● **HOW TO COMPLETE THIS TASK**: Copy exactly and only the lines running from the one that contains "A similar picture" to the final line of the data below, without the pictures.

● **INFORMATION SUPPLIED**:

|---|

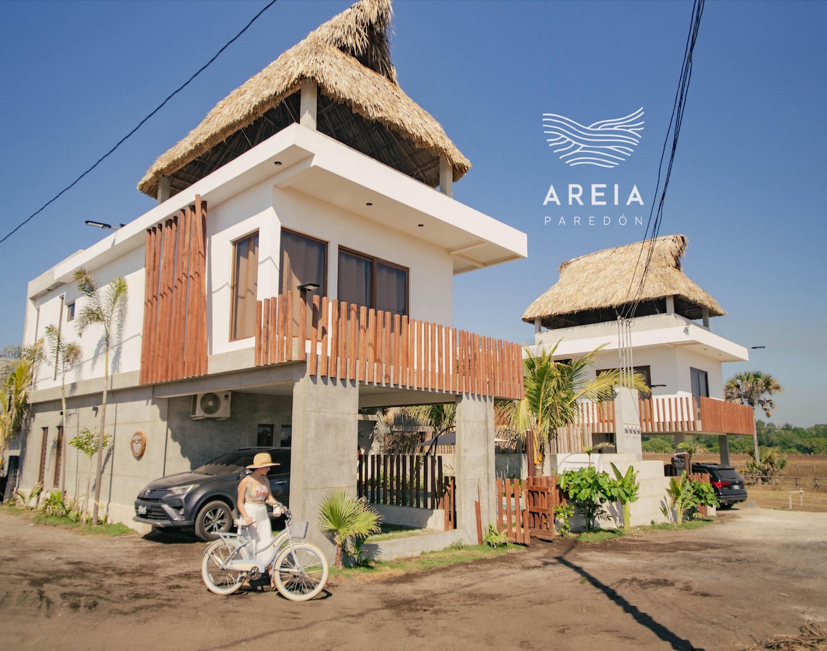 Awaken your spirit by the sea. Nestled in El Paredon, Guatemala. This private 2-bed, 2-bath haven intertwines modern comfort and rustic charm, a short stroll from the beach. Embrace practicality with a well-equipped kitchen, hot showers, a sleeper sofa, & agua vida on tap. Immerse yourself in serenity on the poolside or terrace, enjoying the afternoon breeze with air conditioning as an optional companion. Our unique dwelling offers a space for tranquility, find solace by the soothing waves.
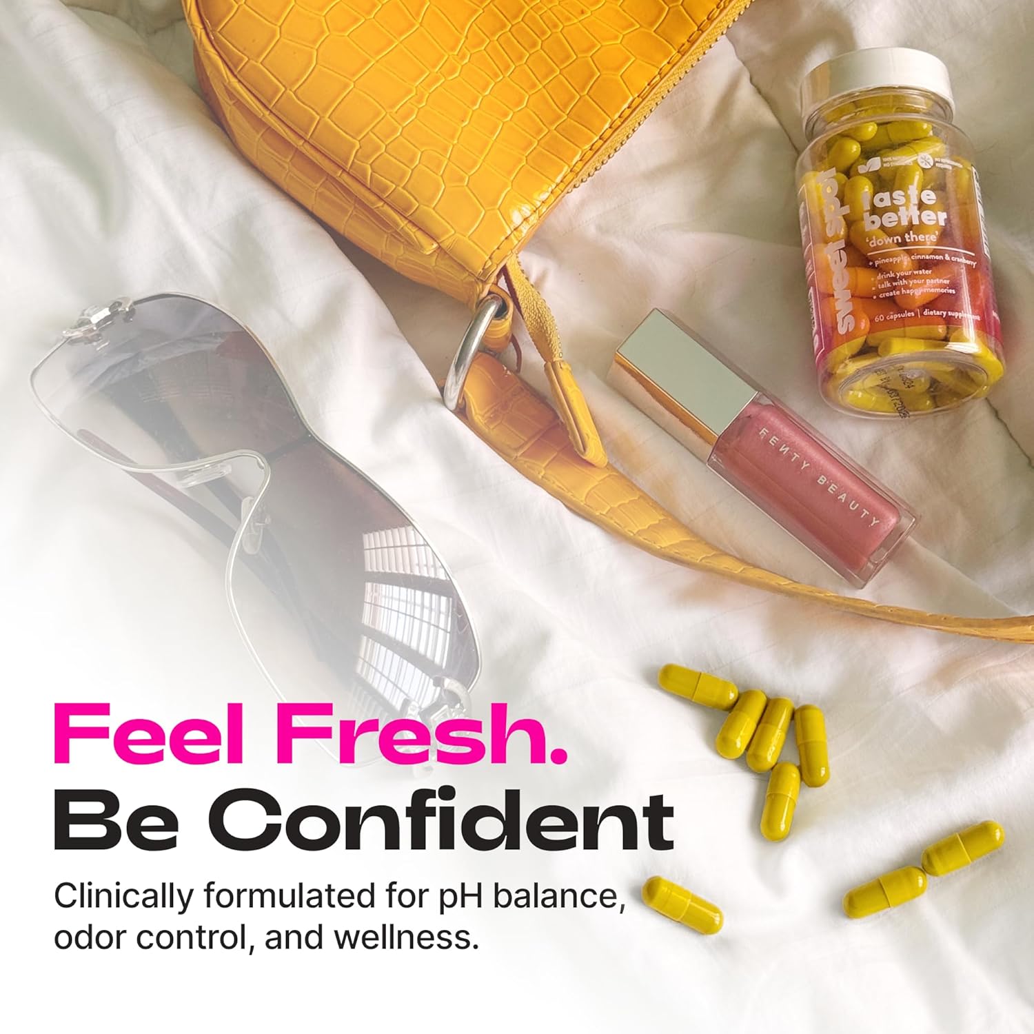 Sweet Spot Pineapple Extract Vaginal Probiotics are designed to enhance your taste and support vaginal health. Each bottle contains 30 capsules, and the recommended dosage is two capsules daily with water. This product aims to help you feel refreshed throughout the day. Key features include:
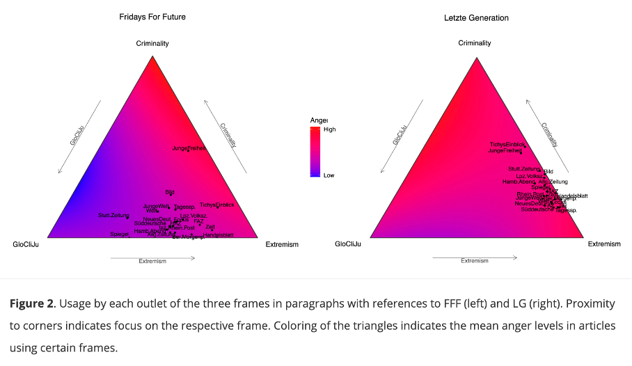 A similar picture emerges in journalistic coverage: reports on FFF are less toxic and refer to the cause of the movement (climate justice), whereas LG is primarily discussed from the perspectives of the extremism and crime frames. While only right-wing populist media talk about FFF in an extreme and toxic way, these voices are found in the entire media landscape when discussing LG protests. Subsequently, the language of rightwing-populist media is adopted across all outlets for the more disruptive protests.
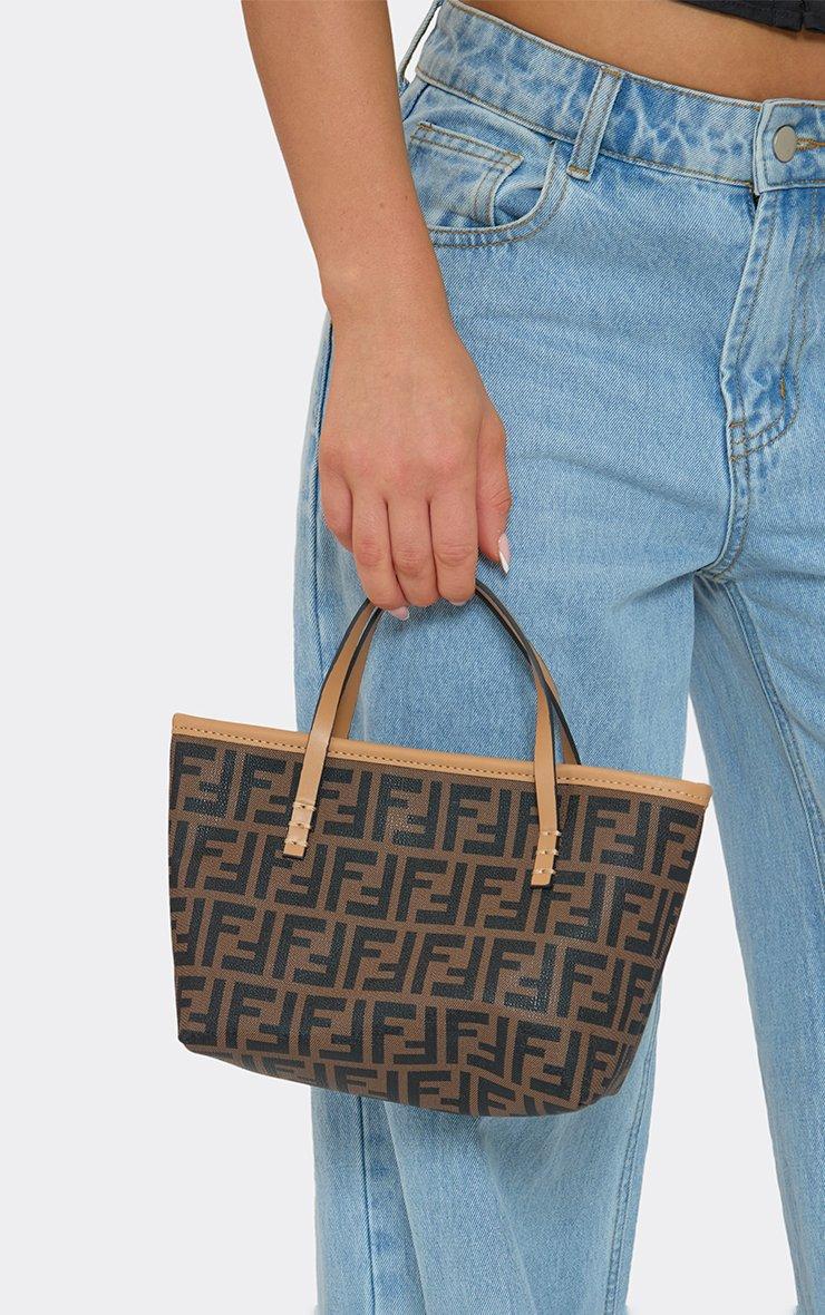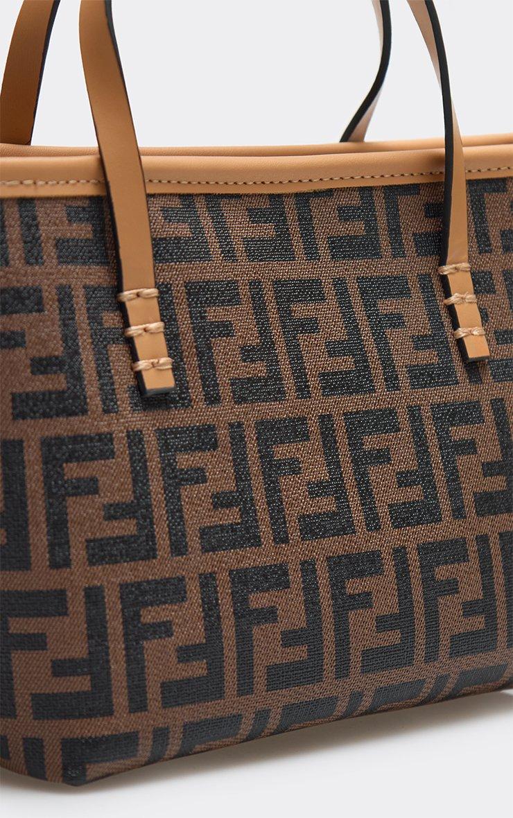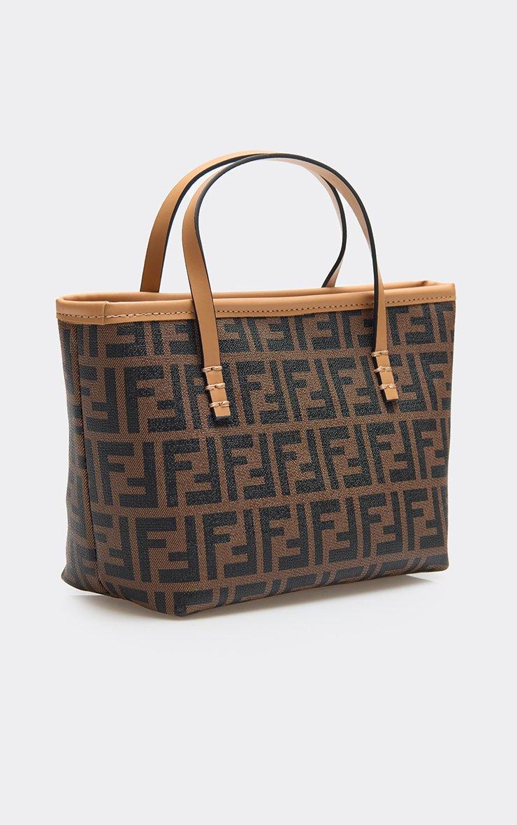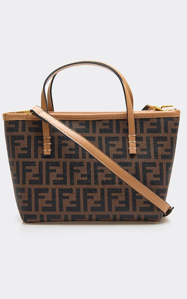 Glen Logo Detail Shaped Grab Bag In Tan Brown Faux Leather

|---|

● **RESULT OF THIS EXERCISE**:
 A similar picture emerges in journalistic coverage: reports on FFF are less toxic and refer to the cause of the movement (climate justice), whereas LG is primarily discussed from the perspectives of the extremism and crime frames. While only right-wing populist media talk about FFF in an extreme and toxic way, these voices are found in the entire media landscape when discussing LG protests. Subsequently, the language of rightwing-populist media is adopted across all outlets for the more disruptive protests.
 Glen Logo Detail Shaped Grab Bag In Tan Brown Faux Leather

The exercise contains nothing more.